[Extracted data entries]
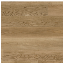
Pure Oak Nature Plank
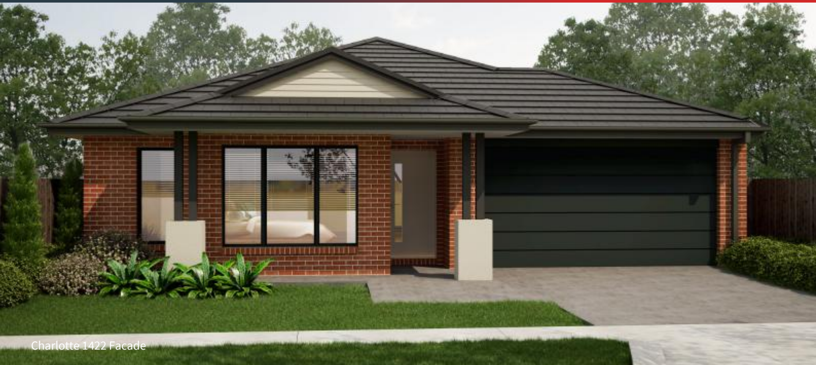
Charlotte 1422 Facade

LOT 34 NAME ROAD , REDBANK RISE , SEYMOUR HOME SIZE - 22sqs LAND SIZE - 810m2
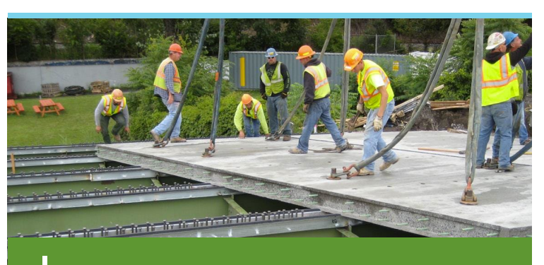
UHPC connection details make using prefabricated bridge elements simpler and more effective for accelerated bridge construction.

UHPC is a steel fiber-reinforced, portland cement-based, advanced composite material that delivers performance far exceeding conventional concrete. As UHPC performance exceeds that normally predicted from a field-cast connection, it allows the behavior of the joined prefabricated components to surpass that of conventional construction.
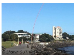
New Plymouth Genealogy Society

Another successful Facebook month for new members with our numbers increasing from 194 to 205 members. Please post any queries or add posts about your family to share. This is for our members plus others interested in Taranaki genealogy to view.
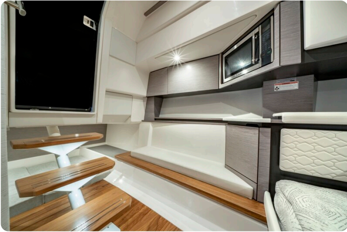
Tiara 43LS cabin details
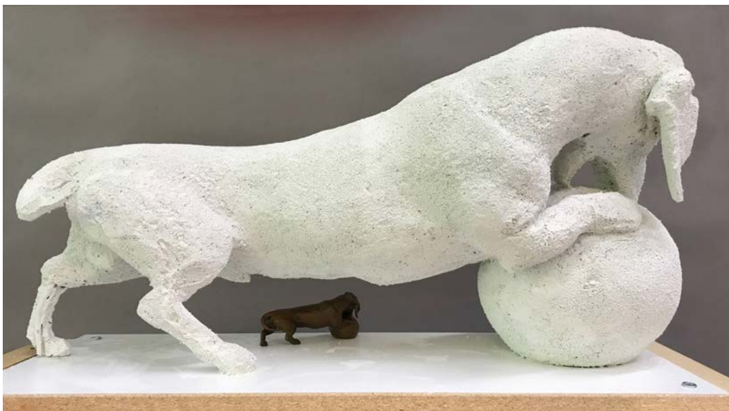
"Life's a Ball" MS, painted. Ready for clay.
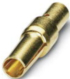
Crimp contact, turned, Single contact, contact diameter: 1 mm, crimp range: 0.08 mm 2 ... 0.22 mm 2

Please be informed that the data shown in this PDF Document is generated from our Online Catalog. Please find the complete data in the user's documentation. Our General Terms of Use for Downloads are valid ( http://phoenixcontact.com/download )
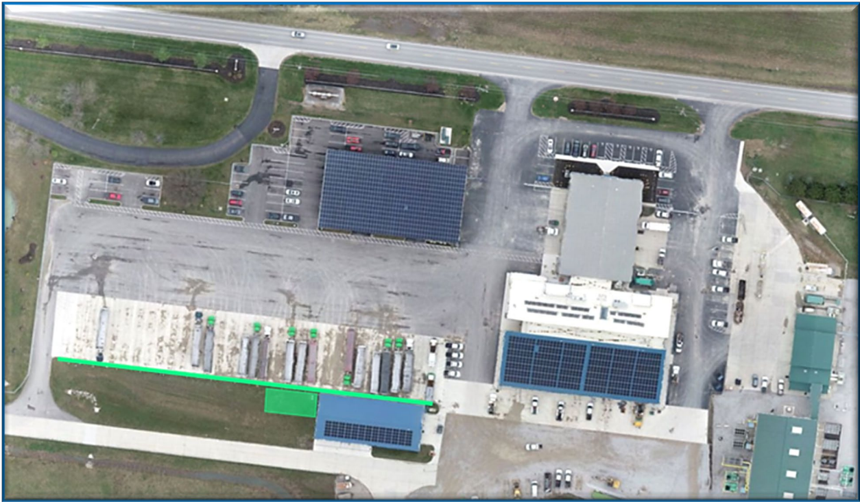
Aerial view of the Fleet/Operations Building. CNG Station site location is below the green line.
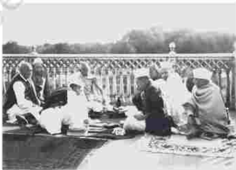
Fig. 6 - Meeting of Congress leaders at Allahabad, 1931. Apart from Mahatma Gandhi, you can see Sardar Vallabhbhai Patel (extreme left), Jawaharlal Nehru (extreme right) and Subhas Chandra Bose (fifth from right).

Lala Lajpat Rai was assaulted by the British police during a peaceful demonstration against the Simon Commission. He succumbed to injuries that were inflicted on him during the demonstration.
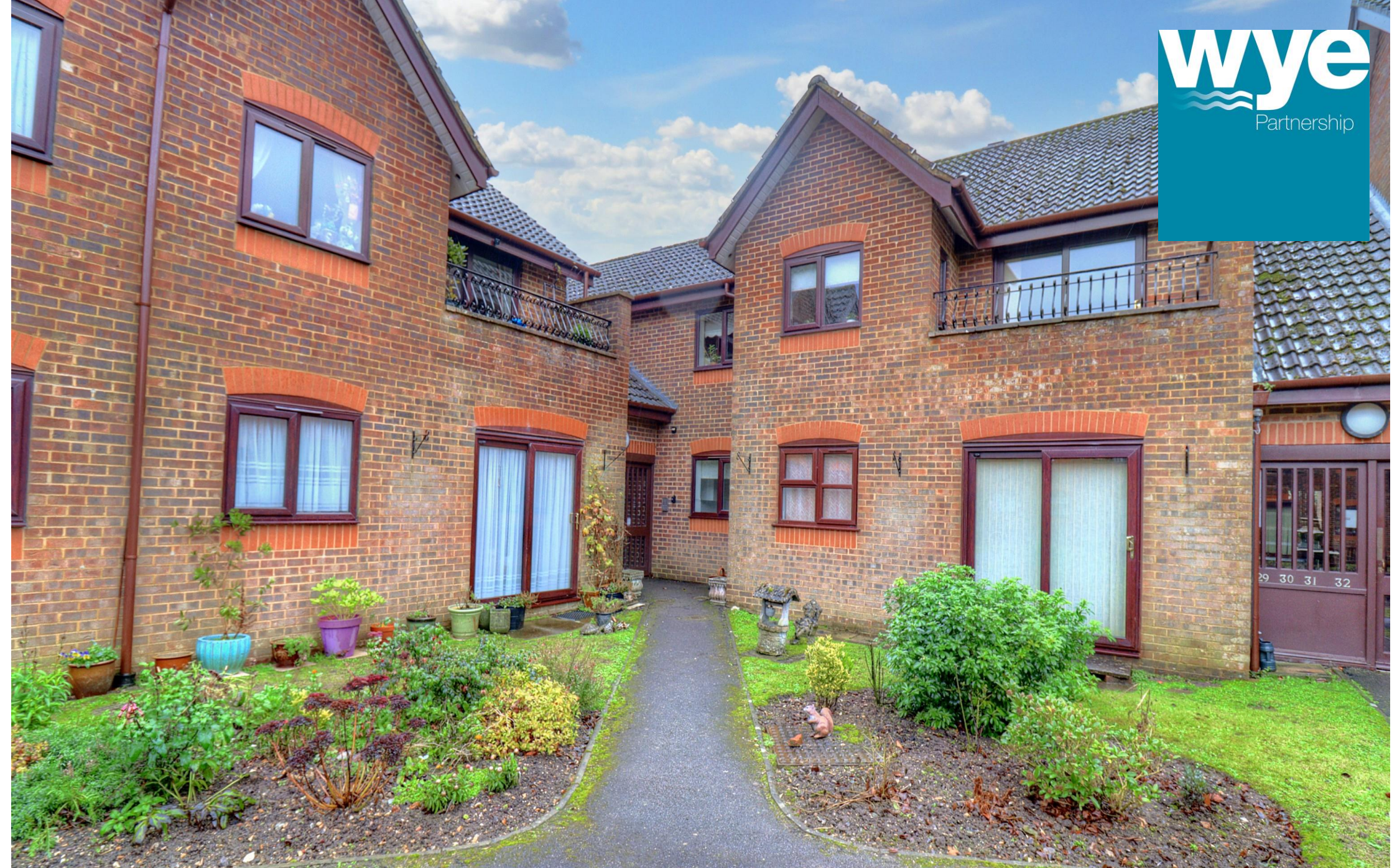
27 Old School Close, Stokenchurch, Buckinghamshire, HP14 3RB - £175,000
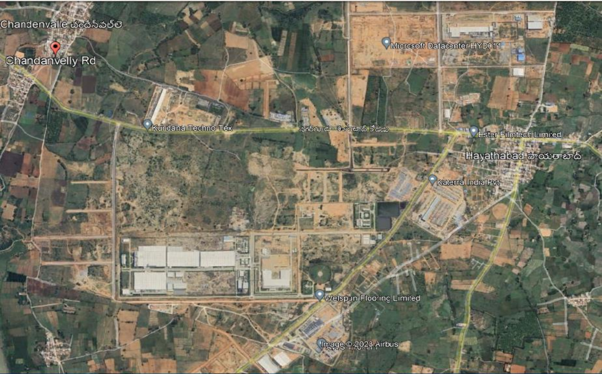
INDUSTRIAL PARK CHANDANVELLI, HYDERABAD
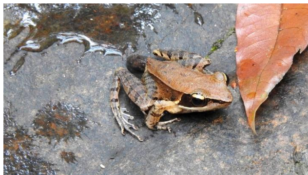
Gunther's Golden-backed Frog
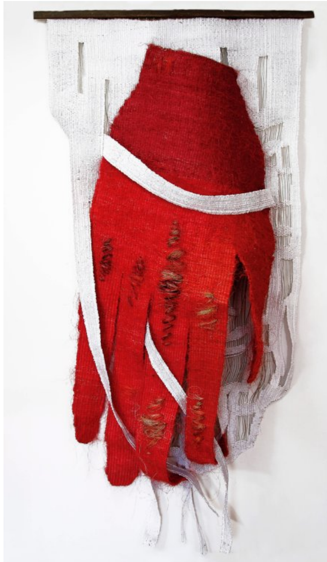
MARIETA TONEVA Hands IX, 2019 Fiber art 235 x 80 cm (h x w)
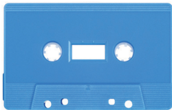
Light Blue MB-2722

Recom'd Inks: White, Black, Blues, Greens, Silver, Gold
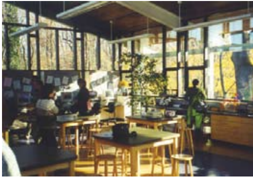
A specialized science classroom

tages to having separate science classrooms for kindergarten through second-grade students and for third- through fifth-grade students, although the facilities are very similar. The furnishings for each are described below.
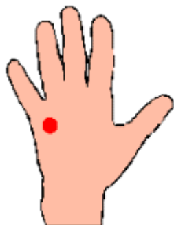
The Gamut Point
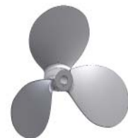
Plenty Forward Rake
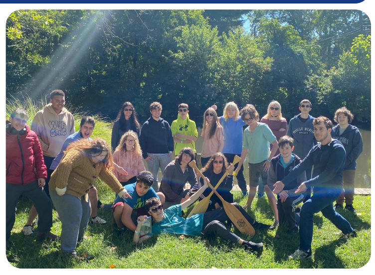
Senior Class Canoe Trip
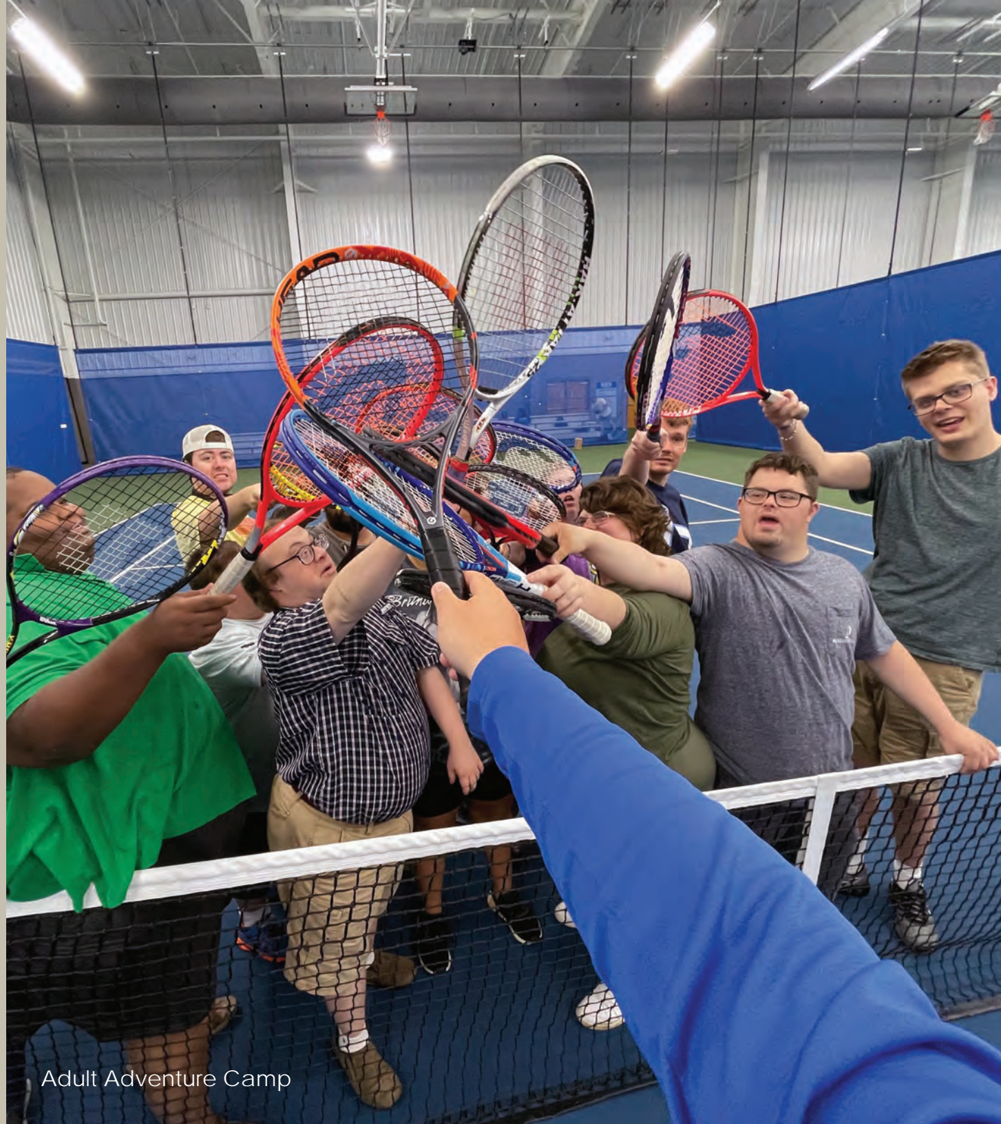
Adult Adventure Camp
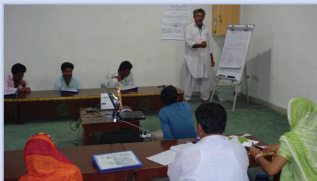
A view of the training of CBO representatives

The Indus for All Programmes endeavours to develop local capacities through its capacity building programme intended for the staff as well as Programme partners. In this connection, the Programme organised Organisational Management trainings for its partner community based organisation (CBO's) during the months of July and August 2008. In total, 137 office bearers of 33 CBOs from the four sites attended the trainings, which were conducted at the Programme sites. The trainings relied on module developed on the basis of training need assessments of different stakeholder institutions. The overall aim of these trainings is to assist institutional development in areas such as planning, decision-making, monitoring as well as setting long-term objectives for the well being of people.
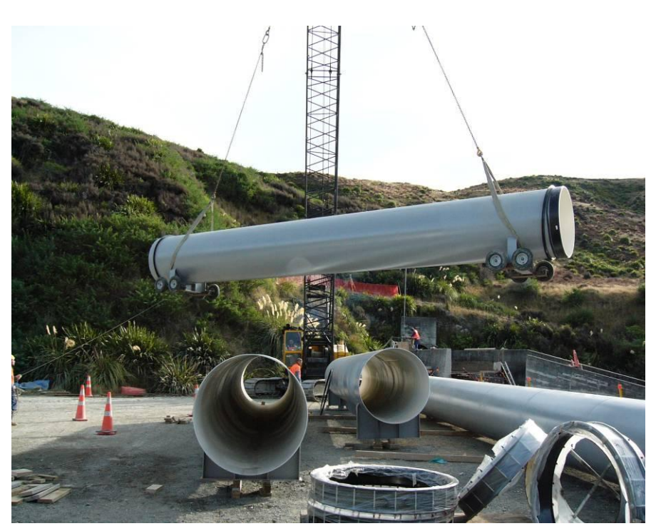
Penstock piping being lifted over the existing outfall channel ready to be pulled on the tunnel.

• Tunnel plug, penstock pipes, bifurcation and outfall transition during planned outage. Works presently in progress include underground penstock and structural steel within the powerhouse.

**ACTION ITEM**
In the data above, find the line containing "A specialized science classroom" and the line containing "Plenty Forward Rake". Copy exactly the stretch from the first through the second, both included, leaving out any picture.

**RESPONSE TO THIS TASK**
A specialized science classroom

tages to having separate science classrooms for kindergarten through second-grade students and for third- through fifth-grade students, although the facilities are very similar. The furnishings for each are described below.
The Gamut Point
Plenty Forward Rake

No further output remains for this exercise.